Association of Asia Pacific Airlines
- Formation: 30 September 1966
- Type: Trade Association
- Location: Kuala Lumpur, Malaysia;
- Membership: See below
- Official language: English
- Director General: Subhas Menon
- Website: www.aapairlines.org

= Association of Asia Pacific Airlines =

International airline trade association

The Association of Asia Pacific Airlines (AAPA), formerly the Orient Airlines Association, is a trade association of major scheduled international airlines based in the Asia-Pacific region. Established in 1966 with headquarters in Makati, Philippines, the association has moved to its present headquarters in Kuala Lumpur, Malaysia. The primary purpose of the AAPA is to serve as a common forum for the articulation of members’ views on matters and issues of common interest, to foster close cooperation, and to bring about an atmosphere conducive to the stimulation of the travel and tourism industry.

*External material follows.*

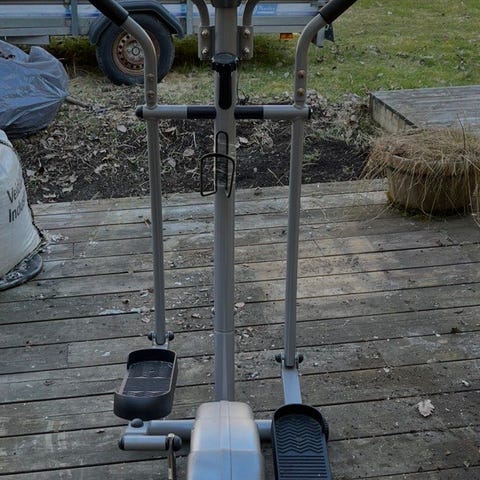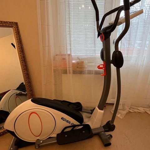 Cyclone crosstrainer i grå färg. Maskinen har handtag för överkroppsträning och fotplattor för lågintensiv konditionsträning inomhus. Utrustad med enkel träningsdator som visar grundläggande träningsdata som tid, hastighet och distans. Lämplig för hemmabruk och för användare som vill träna kondition och rörelse i både armar och ben. Hämtas på plast/ armarna kan monteras ner.

Andrew Herdman held the position of Director General of the Association of Asia Pacific Airlines (AAPA) since November 2004 until February 2020, after which Subhas Menon joined AAPA as Director General in March 2020. Martin Eran-Tasker joined the AAPA as Technical Director in 2004 until July 2020, while Beatrice Lim joined the AAPA as Commercial Director in July 2005.

==Members==
The association currently has 17 member airlines from the Asia-Pacific region:

- Air Astana
- Air India (SA)
- Air New Zealand (SA)
- All Nippon Airways (SA)
- Bangkok Airways
- Cathay Pacific (OW)
- China Airlines (ST)
- EVA Airways (SA)
- Garuda Indonesia (ST)
- Japan Airlines (OW)
- Lion Air
- Malaysia Airlines (OW)
- Philippine Airlines
- Royal Brunei Airlines
- Singapore Airlines (SA)
- Thai Airways International (SA)
- Vietnam Airlines (ST)

They collectively carry 285 million passengers and 10 million tonnes of cargo, representing approximately one-fifth of global air passenger traffic and one-third of global air cargo traffic respectively.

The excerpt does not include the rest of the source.